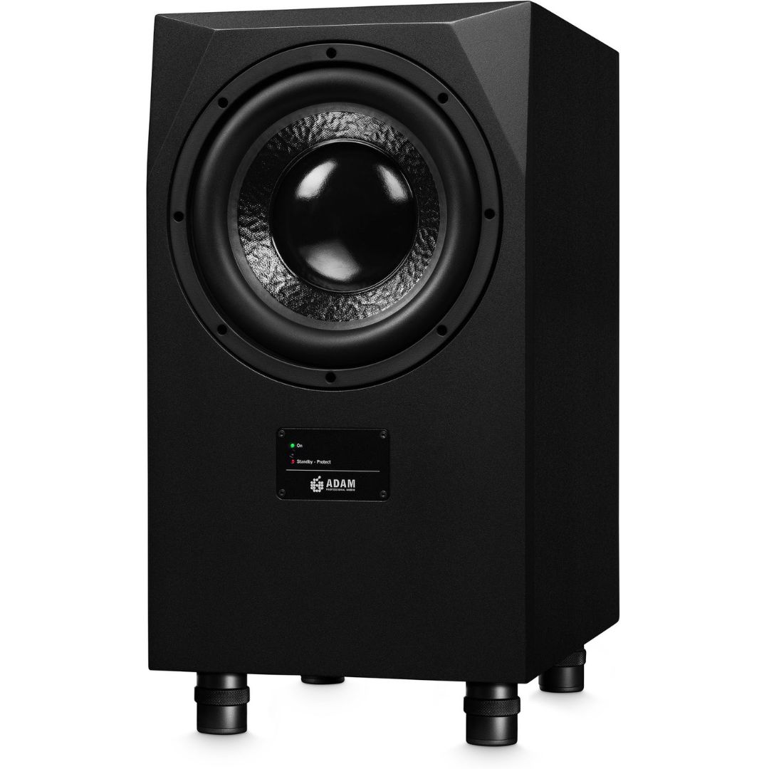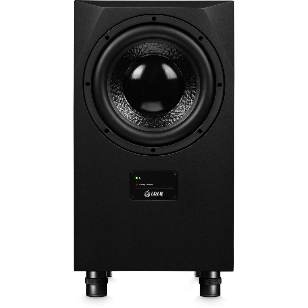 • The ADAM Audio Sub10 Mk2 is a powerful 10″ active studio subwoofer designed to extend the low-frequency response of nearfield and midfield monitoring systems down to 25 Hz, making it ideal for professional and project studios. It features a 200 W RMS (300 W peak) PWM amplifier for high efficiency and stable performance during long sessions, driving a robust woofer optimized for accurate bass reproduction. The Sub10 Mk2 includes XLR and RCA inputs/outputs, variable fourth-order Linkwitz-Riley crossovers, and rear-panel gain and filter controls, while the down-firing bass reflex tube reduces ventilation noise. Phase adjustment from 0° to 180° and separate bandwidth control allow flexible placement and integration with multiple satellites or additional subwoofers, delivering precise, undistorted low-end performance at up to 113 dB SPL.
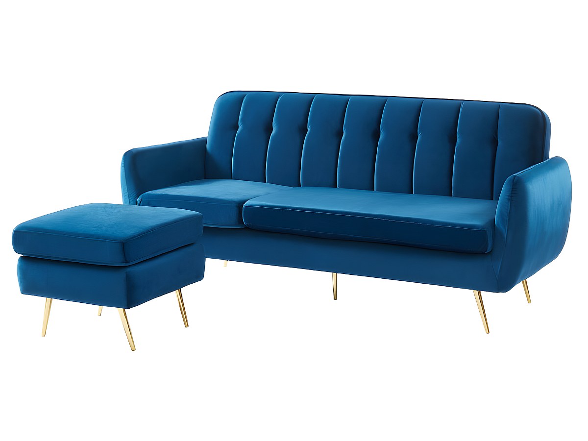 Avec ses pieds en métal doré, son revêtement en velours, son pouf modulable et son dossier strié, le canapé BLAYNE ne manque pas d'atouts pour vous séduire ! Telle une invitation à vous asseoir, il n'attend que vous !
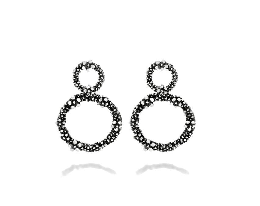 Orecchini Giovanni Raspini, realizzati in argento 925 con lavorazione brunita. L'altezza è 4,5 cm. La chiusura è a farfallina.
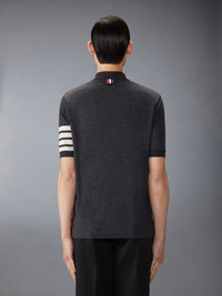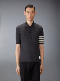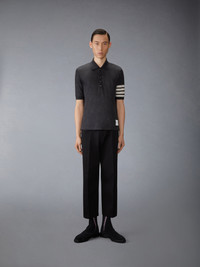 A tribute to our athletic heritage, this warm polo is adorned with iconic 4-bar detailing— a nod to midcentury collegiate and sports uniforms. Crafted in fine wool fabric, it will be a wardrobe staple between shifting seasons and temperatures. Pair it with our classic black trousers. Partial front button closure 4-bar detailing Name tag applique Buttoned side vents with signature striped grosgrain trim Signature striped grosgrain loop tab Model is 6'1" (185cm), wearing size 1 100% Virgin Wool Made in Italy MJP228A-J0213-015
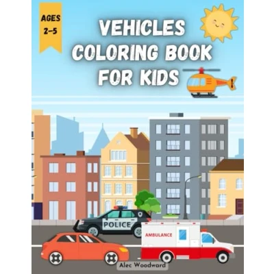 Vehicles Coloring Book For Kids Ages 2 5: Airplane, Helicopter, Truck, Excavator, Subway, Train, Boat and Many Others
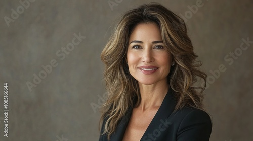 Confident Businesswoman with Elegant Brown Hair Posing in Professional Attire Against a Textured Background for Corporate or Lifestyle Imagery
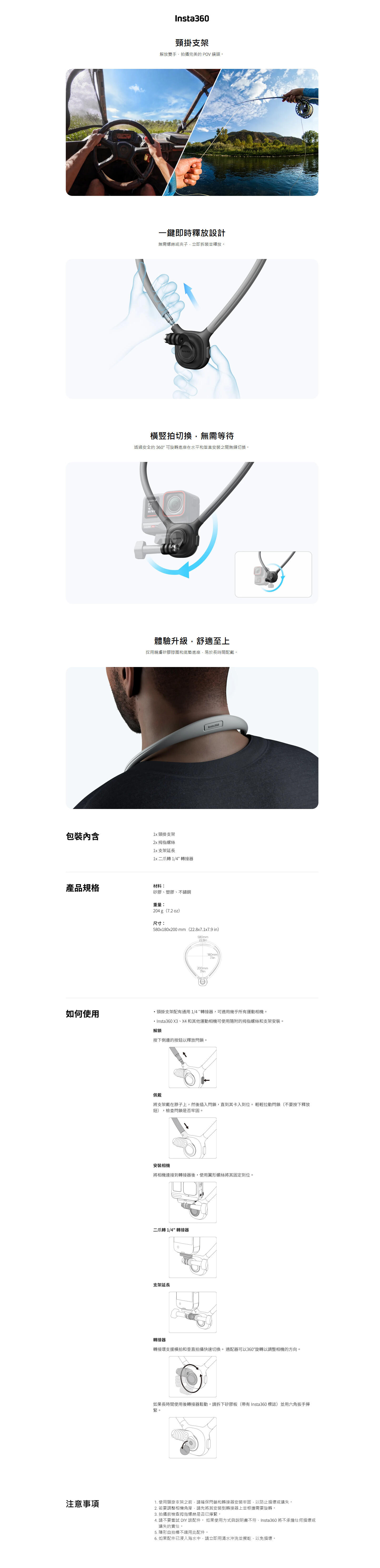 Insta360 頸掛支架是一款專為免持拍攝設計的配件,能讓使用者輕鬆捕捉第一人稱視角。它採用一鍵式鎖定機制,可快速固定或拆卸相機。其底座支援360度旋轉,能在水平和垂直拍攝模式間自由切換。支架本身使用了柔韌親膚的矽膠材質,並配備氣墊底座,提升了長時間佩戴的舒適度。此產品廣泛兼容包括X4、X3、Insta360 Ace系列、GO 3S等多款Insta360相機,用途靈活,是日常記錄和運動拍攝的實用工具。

- WHAT THE TASK REQUIRES -
Leave the images out as you retype each line of the material exactly.

- RESPONSE -
 • The ADAM Audio Sub10 Mk2 is a powerful 10″ active studio subwoofer designed to extend the low-frequency response of nearfield and midfield monitoring systems down to 25 Hz, making it ideal for professional and project studios. It features a 200 W RMS (300 W peak) PWM amplifier for high efficiency and stable performance during long sessions, driving a robust woofer optimized for accurate bass reproduction. The Sub10 Mk2 includes XLR and RCA inputs/outputs, variable fourth-order Linkwitz-Riley crossovers, and rear-panel gain and filter controls, while the down-firing bass reflex tube reduces ventilation noise. Phase adjustment from 0° to 180° and separate bandwidth control allow flexible placement and integration with multiple satellites or additional subwoofers, delivering precise, undistorted low-end performance at up to 113 dB SPL.
 Avec ses pieds en métal doré, son revêtement en velours, son pouf modulable et son dossier strié, le canapé BLAYNE ne manque pas d'atouts pour vous séduire ! Telle une invitation à vous asseoir, il n'attend que vous !
 Orecchini Giovanni Raspini, realizzati in argento 925 con lavorazione brunita. L'altezza è 4,5 cm. La chiusura è a farfallina.
 A tribute to our athletic heritage, this warm polo is adorned with iconic 4-bar detailing— a nod to midcentury collegiate and sports uniforms. Crafted in fine wool fabric, it will be a wardrobe staple between shifting seasons and temperatures. Pair it with our classic black trousers. Partial front button closure 4-bar detailing Name tag applique Buttoned side vents with signature striped grosgrain trim Signature striped grosgrain loop tab Model is 6'1" (185cm), wearing size 1 100% Virgin Wool Made in Italy MJP228A-J0213-015
 Vehicles Coloring Book For Kids Ages 2 5: Airplane, Helicopter, Truck, Excavator, Subway, Train, Boat and Many Others
 Confident Businesswoman with Elegant Brown Hair Posing in Professional Attire Against a Textured Background for Corporate or Lifestyle Imagery
 Insta360 頸掛支架是一款專為免持拍攝設計的配件,能讓使用者輕鬆捕捉第一人稱視角。它採用一鍵式鎖定機制,可快速固定或拆卸相機。其底座支援360度旋轉,能在水平和垂直拍攝模式間自由切換。支架本身使用了柔韌親膚的矽膠材質,並配備氣墊底座,提升了長時間佩戴的舒適度。此產品廣泛兼容包括X4、X3、Insta360 Ace系列、GO 3S等多款Insta360相機,用途靈活,是日常記錄和運動拍攝的實用工具。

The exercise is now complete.